Six-Fours itself raises its ruins high in air, miserable, and silent, almost, as the grave, a mere wraith of a once lively and ambitious settlement. The decadence of man is a sad thing, but that of cities quite as sad, and to-day this ancient domain of the seigneur-abbés of St. Victor de Marseilles is as impressive an example as one will find.

As one proceeds eastward he opens another vista quite unlike any other view to be had in all the world. The great Rade de Toulon, its batteries and forts, its suburbs, and its environs, all form an impressive ensemble of the work of nature and man.

The highroad continues on toward La Seyne, the great ship-building suburb, and another leads to Les Sablettes and Tamaris, directly on the water’s edge, and far enough removed from the smoke and industry of the great arsenal to belong to the real countryside.

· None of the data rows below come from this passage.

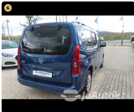
✓ hátsó szélvédők színezett üveg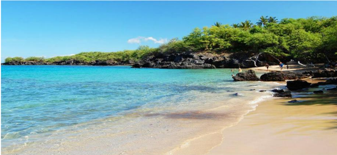
Bãi biển Waialea nằm khuất sâu trong những tảng đá, nước biển trong veo và bãi cát trắng rất mịn màng ( vùng Kona, đảo Big Island)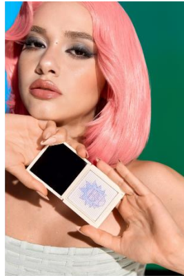
Mega Genius Setting Powder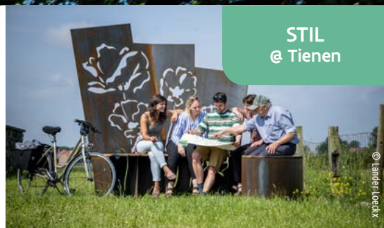
STIL @ Tienen

Este banco, con barandilla de acero corten perforado, proyecta una sombra de amapolas y flores sobre el suelo. Un lugar sereno para detenerse y reflexionar sobre la rica historia del paisaje.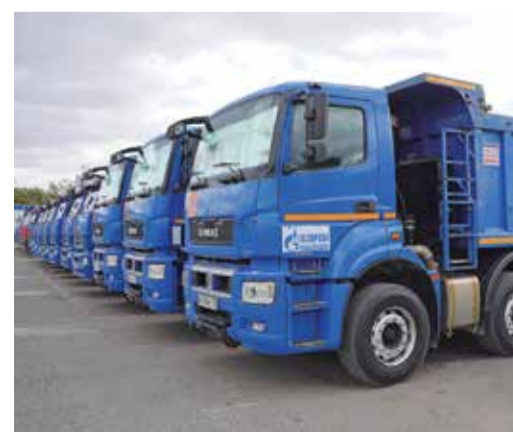
Специальная техника транспортного цеха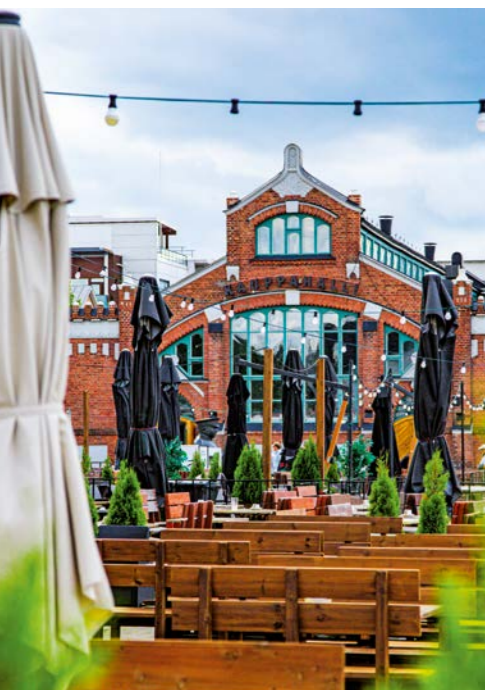
Von oben links im Uhrzeigersinn: Oulus Stadttheater, Entstehung eines Murals im Rahmen des Kulturhauptstadtprogramms, das Pakkahuone-museum in Raahe, das unter anderem Seemannsouvenirs zeigt, die Bar Mallasterassi, die ehemaligen Lagergebäude am Marktplatz, Austausch im Ouluer Kunstmuseum, Entspannung auf der Saunafähre und die historische Markthalle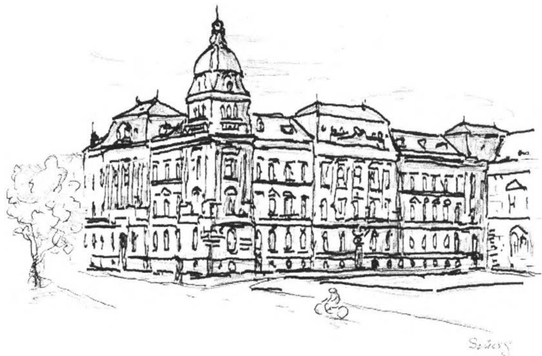
20. kép – A Csanádi-palota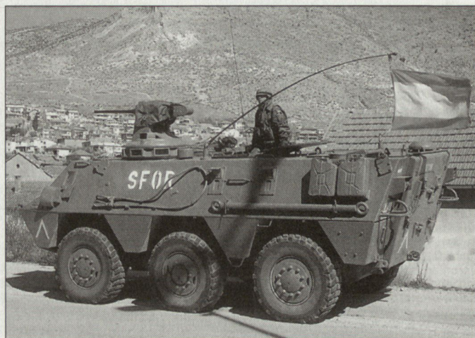
Spanische Truppen bei der SFOR (Bild: Spz BMR-600).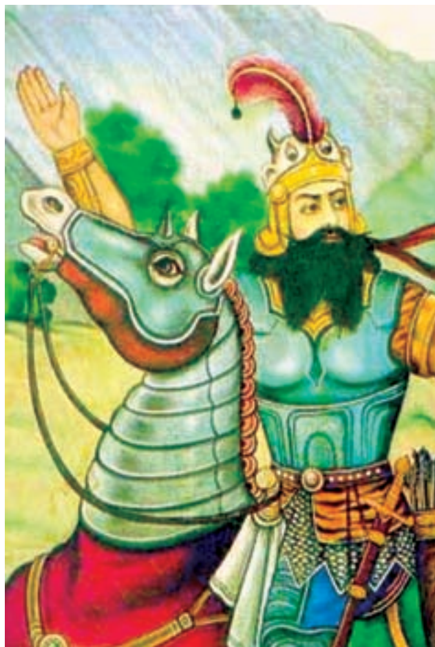
▲ شکل ۱۵-۱۳- نقاشی قهوه خانه ای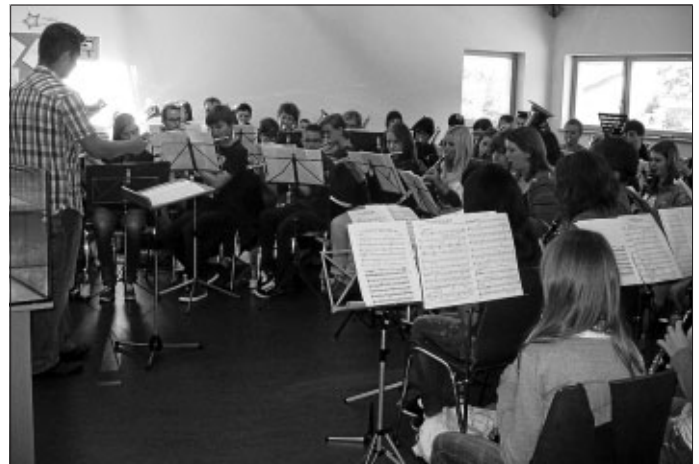
Fast 70 Jugendlichen bilden derzeit das Jugendkapellen-Projekt-Orchester.

Anfang Oktober fand die zweite Gemeinschaftsprobe der Jugendkapellen aus Stammheim, Gechingen und Merklingen diesmal im Probenraum des MV Gechingen statt. Im Hinblick auf ihren ersten Auftritt beim Stammheimer Interpretenkarussell am 5. November investierten die Jugendlichen einen ganzen Samstagnachmittag in die Probenarbeit.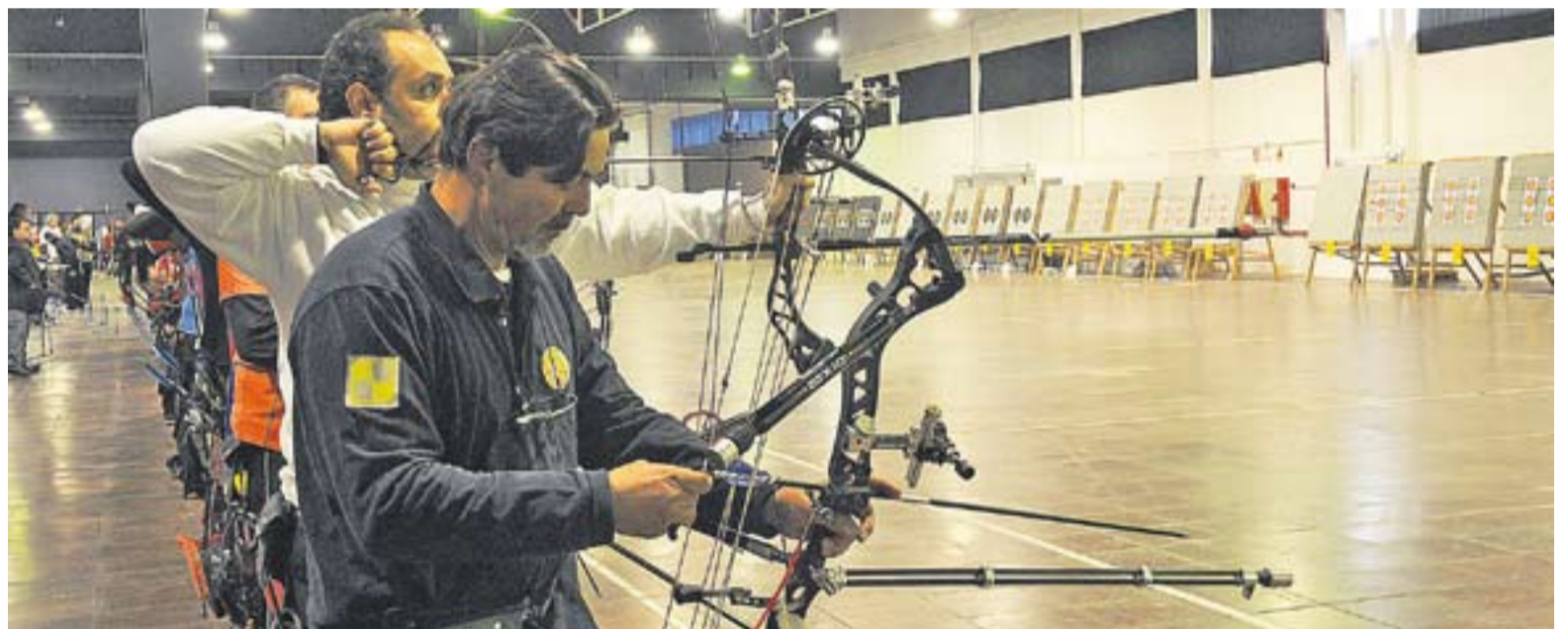
Els arquers es van concentrar durant tota la jornada de diumenge al matí a l'Espai Tolrà per participar en diversos campionats de l'especialitat.

A més d'això, la Federació també està estudiant la possibilitat de celebrar curssets d'iniciació per als nens de Castellar del Vallès.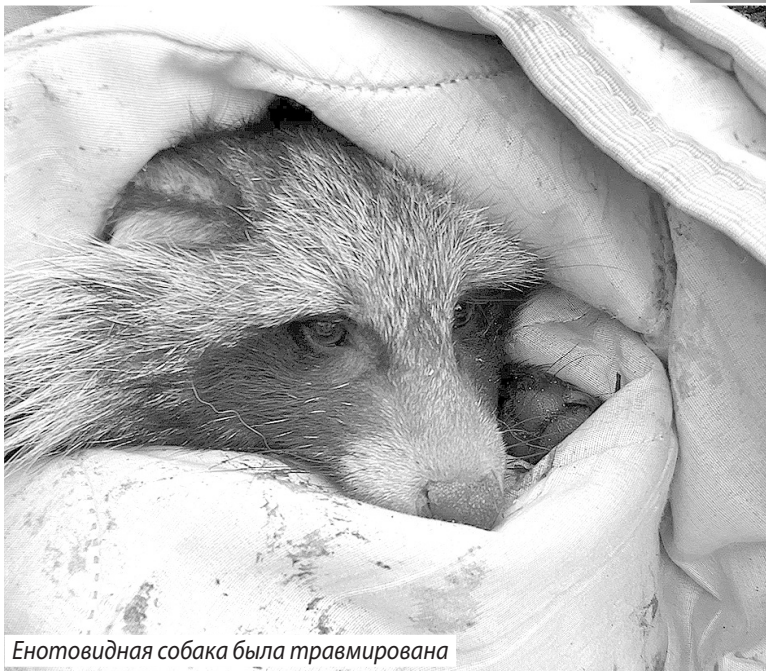
Енотовидная собака была травмирована

шлось выкупать клетку, в которой он находился, - хозяин наотрез отказался отдавать ее вместе с животным. Дополнительно мы приобрели морской контейнер, чтобы соорудить для Мурома первое убежище. В операции по спасению было задействовано большое количество спецтехники. На первом этапе мы приварили его старую клетку к специально приобретенному морскому контейнеру, организовав для медведя достаточно большое помещение. У нас не было моральных сил оставить животное в старой клетке в ожидании постройки вольера. Смотреть на его страдания было невозможно, - вспоминают волонтеры.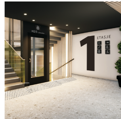
INTERN TRAPP MED HEIS

Ca. 1 200 m 2 med sedumtak tilpasset klimaendringer og behov for flere grøntarealer.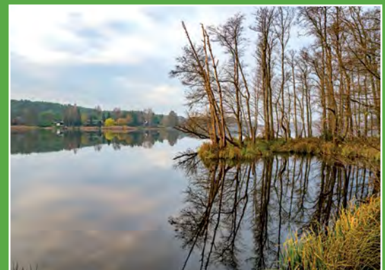
Jezioro Białe Biala - See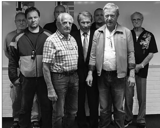
Noen av delegatene.

Deretter ble regnskapet gjennomgått. Det hadde et lite underskudd pga. betydelige investeringer siste år. Møtelederen redegjorde for noen detaljer, og regnskapet ble godkjent og styret meddelt ansvarsfrihet.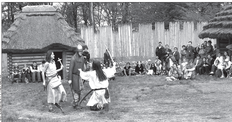
Częścią programu przygotowanego dla zwiedzających było przedstawienie o życiu św. Wacława, wykonane przez grupę „Tizon”.

1 maja, w dzień otwarcia sezonu w Archeoparku, zainteresowanych zwiedzeniem grodziska nie brakowało. Dorośli, dzieci i młodzież licznie przybyli do Kocobędza, by zobaczyć, jak wyglądało życie dawnych Słowian. Archeopark otwarty będzie do października. W planach jest budowa dalszych elementów grodziska oraz postawienie centrum edukacyjnego. Cały projekt ma zostać zrealizowany do 2012 r.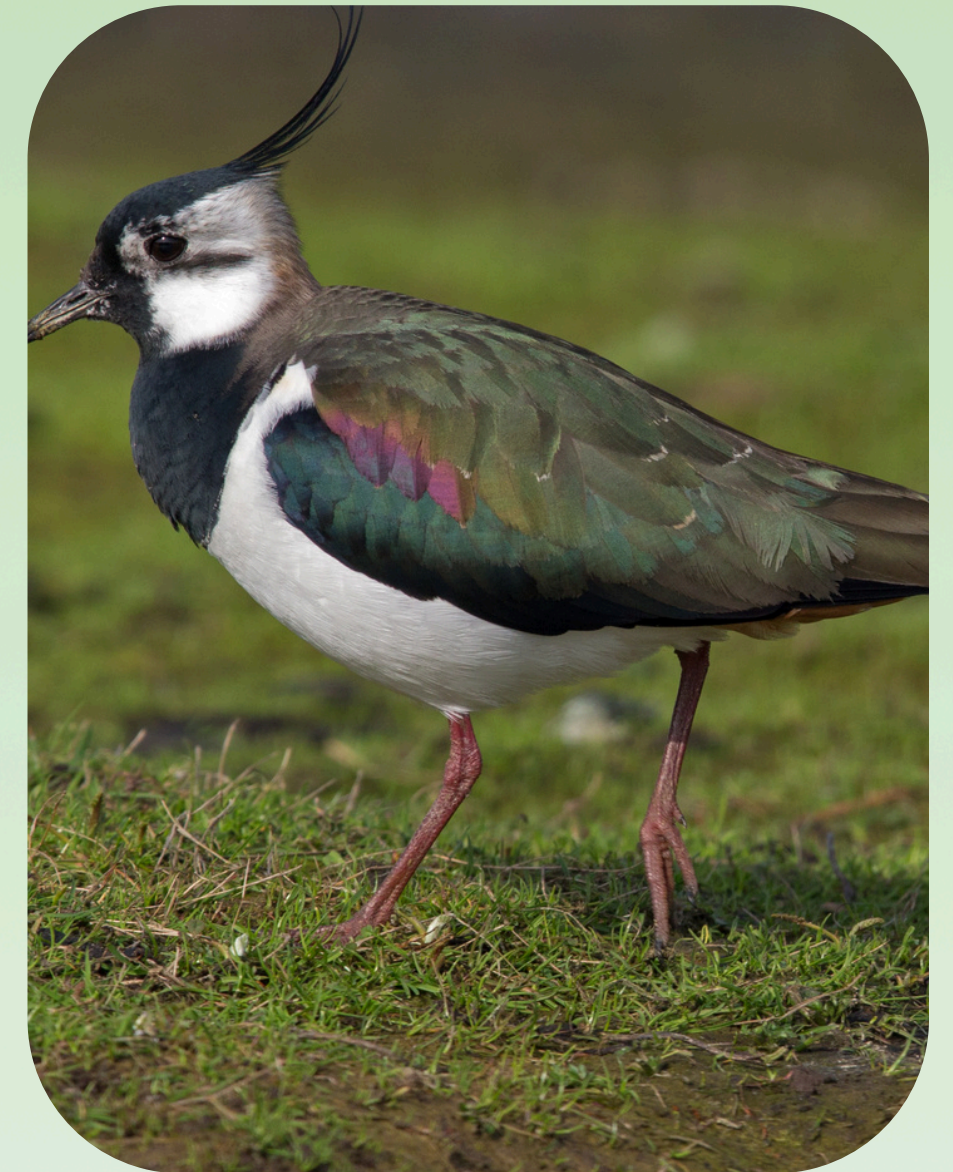
Pempę lengvai atpažįstame iš kuoduko, juodai baltų sparnų bei savito „gyvi... gyvi“ balso

Pempės maitinasi kirmėlėmis, lervomis, vabalais, vorais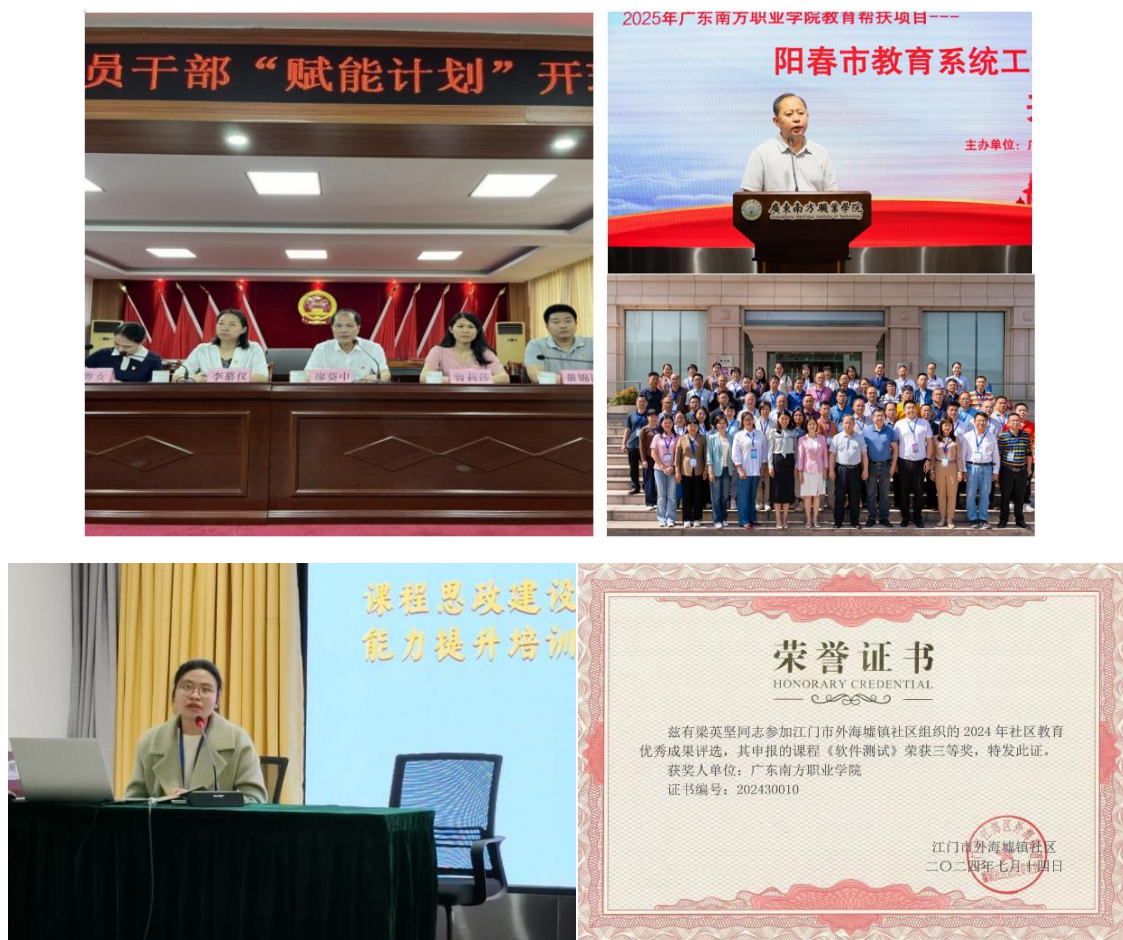
图8 系列赋能培训活动

The Rade de Toulon is one of the joys of the Mediterranean. Its splendid banks are cut into graceful curves, and the background of hills and mountains makes a joyful picture indeed, whether viewed from land or sea. The charming little bays of its outline are quite in harmony with the brilliant blue of the sky, and not even the smoke-pouring chimneys of the shipyards at La Seyne sound a false note, but rather they accent the natural beauties to a still higher degree.

Away beyond the Grande Rade are the ragged isles of the archipelago of Hyères, wave-battered and gleaming in the sunlight, while around the whole nebulous horizon are effects of brilliant colouring of land and sea hardly to be equalled, certainly not to be excelled. Wooded peninsulas come down and jut out into the sea, and, despite the air of activity which is over the whole neighbourhood, there is an idyllic charm about the remote suburbs which is indescribable.

Fishing-boats at Tamaris

Guarded seaward by grim forts, and admirably sheltered from the mistral, which blows over its head and out to sea, is Tamaris, whose fame first started from a four months’ residence here of George Sand. Like Alphonse Karr and Dumas, the elder, George Sand, if not the discoverer of a new and unpatronized pied de terre, gave the first impetus to Tamaris as a resort of not too alluring attractions, and yet all-sufficient to one who wanted to enjoy the quietness and beauties of nature to a superlative degree, all within a half-hour’s journey of a great city. So pleased was the great woman of French letters that she laid the scene of one of her last and most celebrated romances here. All the delicate plants of a latitude five hundred miles farther south here find a foothold, and flourish as soon as they have become acclimated and taken root. Hence it has become a “garden-spot,” in truth, and one which is too often neglected by Riviera tourists in general. There is small reason for this, and when one realizes that Tamaris is a first-class literary shrine as well—for the dwelling (the Maison Trucy) inhabited by Madame Sand still stands—there is even less.

The magic ring of Michel Pacha, the innovator of lighthouses within the waters of the Ottoman empire, has served to develop and enrich a little corner of this delightful bit of the tropics, and, where the cypress and pine once grew alone, are now found palm, orange, and lemon trees; and hedges and walls of the laurier-rose line the alleys which lead to the Oriental-looking château of this dignitary of the East. The effect is just the least bit garish and out of place, but like all groupings of nature and art on Mediterranean shores, it is undeniably effective, and the domain all in all looks not unlike a stage setting for the “Arabian Nights.”